Ben Lerner, professor of English at Brooklyn College, was awarded a 2015 MacArthur Fellowship earlier this month. The prize, often referred to by its nickname, the “genius grant,” awards $625,000 in unrestricted funds to those who have shown extraordinary originality in their creative pursuits.

“Lerner makes seamless shifts between fiction and nonfiction, prose and lyric verse, memoir and cultural criticism, conveying the way in which politics, art and economics intertwine with everyday experience,” reads a statement on the MacArthur Foundation website.

The New Yorker praised Lerner’s first novel, Leaving the Atocha Station, as “subtle, sinuous and very funny.” The New York Times described his second novel, 10:04, as “frequently brilliant.”

“I think of the Fellowship as a challenge – in the most generous form imaginable – to do more and more adventurous work,” Lerner told CUNY Newswire.

Committed to both his craft and his students, Lerner has mentored students who later won prestigious literary prizes themselves, including Ocean Vuong, Class of 2012, who received the prestigious Pushcart Prize in poetry.

Cuomo Considers Free Community College

Governor Andrew Cuomo’s office is in talks with the White House to become part of a program that could make community college free in the state, according to Carl Campanile of the New York Post.

College Promise is President Barack Obama’s proposed plan to make community college free to students in states that take part, with the federal government footing three-quarters of the cost and states providing the rest.

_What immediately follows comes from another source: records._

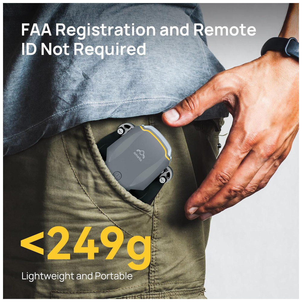 Pesando menos de 249g, o mini drone Ameta S20 Lite não requer registro FAA ou ID remoto na maioria dos países e regiões. Seu design elegante e dobrável facilita o transporte, cabendo facilmente no bolso da jaqueta. Além disso, vem com uma bolsa de transporte premium, pronto para acompanhá-lo em todas as suas aventuras.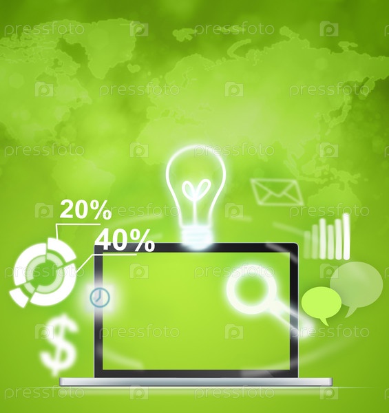 Открытый ноутбук с иконками различных функций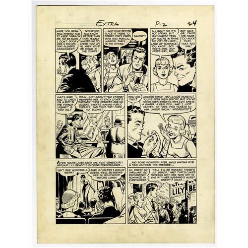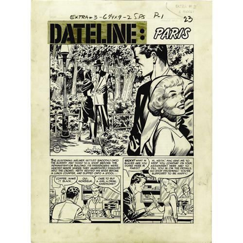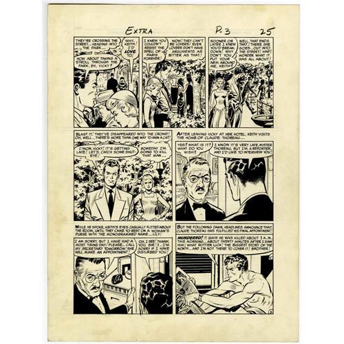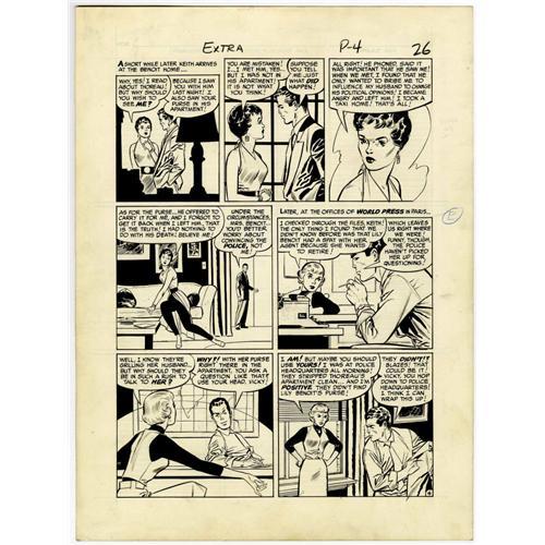 <B>Johnny Craig - Extra #3, Complete 6-page Story "Dateline: Paris" Original Art (EC, 1955).</B></I> Johnny Craig's dramatic storytelling and crisp inking for <B>Extra</B></I> rivaled the slick illustrative cartooning of adventure comic strip masters such as Milton Caniff, Stan Drake, and John Cullen Murphy. In an interview, Johnny Craig told comics historian Roger Hill, "I greatly enjoyed <B>Extra</B></I>. At the time, it was the most fascinating kind of story I could have wanted to do, precisely what I loved to do. I liked it because it was a clean kind of book, and it had many advantages for me as an editor. It had an engaging character with whom I could get acquainted, consider a friend and get to know -- someone whom I could develop and build on. It gave me the chance to take him anywhere in the world and do any kind of story that I felt like writing. I could bring in characters, take them out, and, in general, had unlimited freedom. It was great." As an "art bonus," four of these pages have Johnny Craig pencil sketches on their backs. The image area of each page measures 8.75" x 12", and the art is in Excellent condition.<BR><BR><b>Shipping:</b> Flat Material, Small (<a target="_blank" href="http://www.heritageauctions.com/common/shipping.php">view shipping information</a>)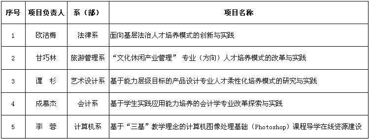 为切实做好我系教育教学成果奖培育工作,进一步加大教学改革力度,按照《广东省教育厅关于做好广东教育教学成果奖(高等教育)培育项目建设工作的通知》(粤教高函〔2014〕172号)安排,去年在学院组织下,我系积极开展了广东教育教学成果奖培育项目申报工作。根据近日广东省教育厅发布的《广东省教育厅关于公布2014年度广东教育教学成果奖(高等教育)培育项目的通知》(粤教高函〔2015〕72号)文件,我院共有5个项目获得广东教育教学成果奖培育项目立项,其中有我系成慕杰教授的《基于学生实践应用能力培养的会计学专业改革探索与实践》。具体名单详见下表: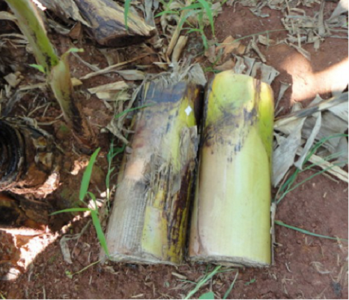 (三)清潔蕉園:經(jīng)常割除香蕉假莖外層腐爛葉鞘,特別是采收香蕉后,砍下的假莖要及時清理,保持蕉園清潔衛(wèi)生,消滅害蟲孳生場所。對已受害的蕉園,砍下帶蟲假莖和舊蕉頭殘體,投入糞坑漚肥,或者縱切成幾份暴曬5天以上將其中的幼蟲殺死。

The proposal currently faces an uphill battle in Congress, but the Post reports that the White House has been luring state officials to join the campaign and possibly take part in federal pilot programs.

The federal initiative could create savings in the state budget. The state currently pays a quarter of community college costs, according to Politico New York – the same amount required of states in the proposed federal plan. With the federal government footing the bill for the rest, the state would be relieved of its obligations to community college students in the New York Tuition Assistance Program.

PSC president Barbara Bowen, invited to a White House summit on Obama’s free community college proposal, voiced concern that eliminating tuition without substantially increasing funding will leave the nation’s community colleges unable to maintain academic quality. Any new program, she urged, must address the staffing crisis in community colleges and the reliance on thousands of underpaid adjuncts.